# Suede or Leather Half Chaps



## Woodhaven (Jan 21, 2014)

I had a pair of suede half chaps and I wore them out in a year so I bought leather ones and they are still good a few years later.
Maybe the quality of the suede chaps was not as good, I don't know, they weren't too expensive, less money than the leather ones.


----------



## ACinATX (Sep 12, 2018)

I have one pair of suede and one pair of leather and haven't noticed a difference in how they feel. That's just me personally though. The leather looks thicker, but it doesn't feel thicker.

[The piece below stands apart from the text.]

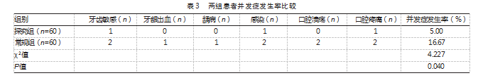 ③并发症。统计两组牙齿敏感、牙龈出血、龋病、感染、口腔溃疡、口腔疼痛发生情况。并发症发生率=并发症发生例数/总例数×100%。
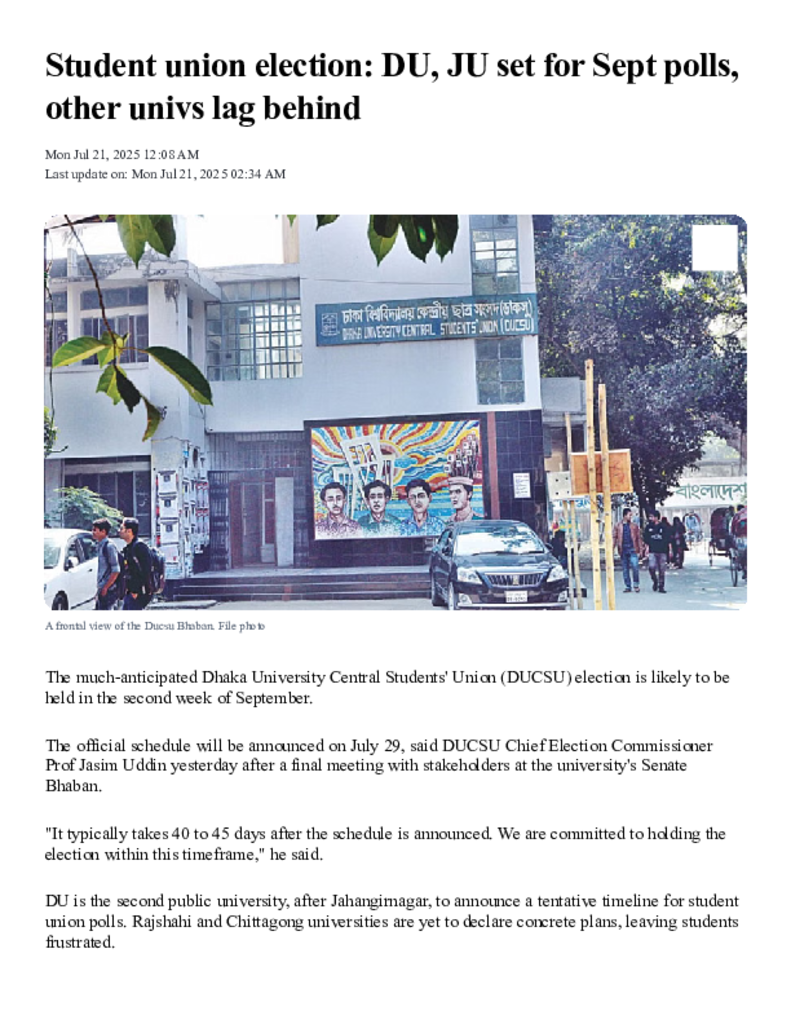 Student union election_ DU, JU set for Sept polls, other univs lag behind.pdf Published on 21 July 2025 Newspaper The Daily Star Category Student Politics General Education Download

I'm sure you are a better and more experience rider than I am, but the one time my stirrup leathers rubbed me through my half chaps, it was because I was riding with the leathers twisted and didn't realize it.


----------



## QtrBel (May 31, 2012)

Quality counts whether suede or leather and making sure they fit properly and are put on correctly makes a difference. I ride with webber's on my dressage saddle and have a pair of leathers that are wider and thinner with a loop for the stirrup so only one layer of leather under my leg. I love them. You have to be careful ordering as lengths aren't so forgiving as standard leathers.


----------



## phantomhorse13 (Feb 18, 2011)

I think a lot depends on the thickness of your current half chaps. Personally, I feel Dublin has gone down in quality over the past few years - I used to be able to get a year or more out of a pair of their synthetic half chaps and now I am lucky to get 6 months. So I would not be surprised if the suede ones have had the same thing happen.

You may find leather chaps are a bit less grippy than you are used to with suede, but not having rubs on your legs would probably make that worth it.


----------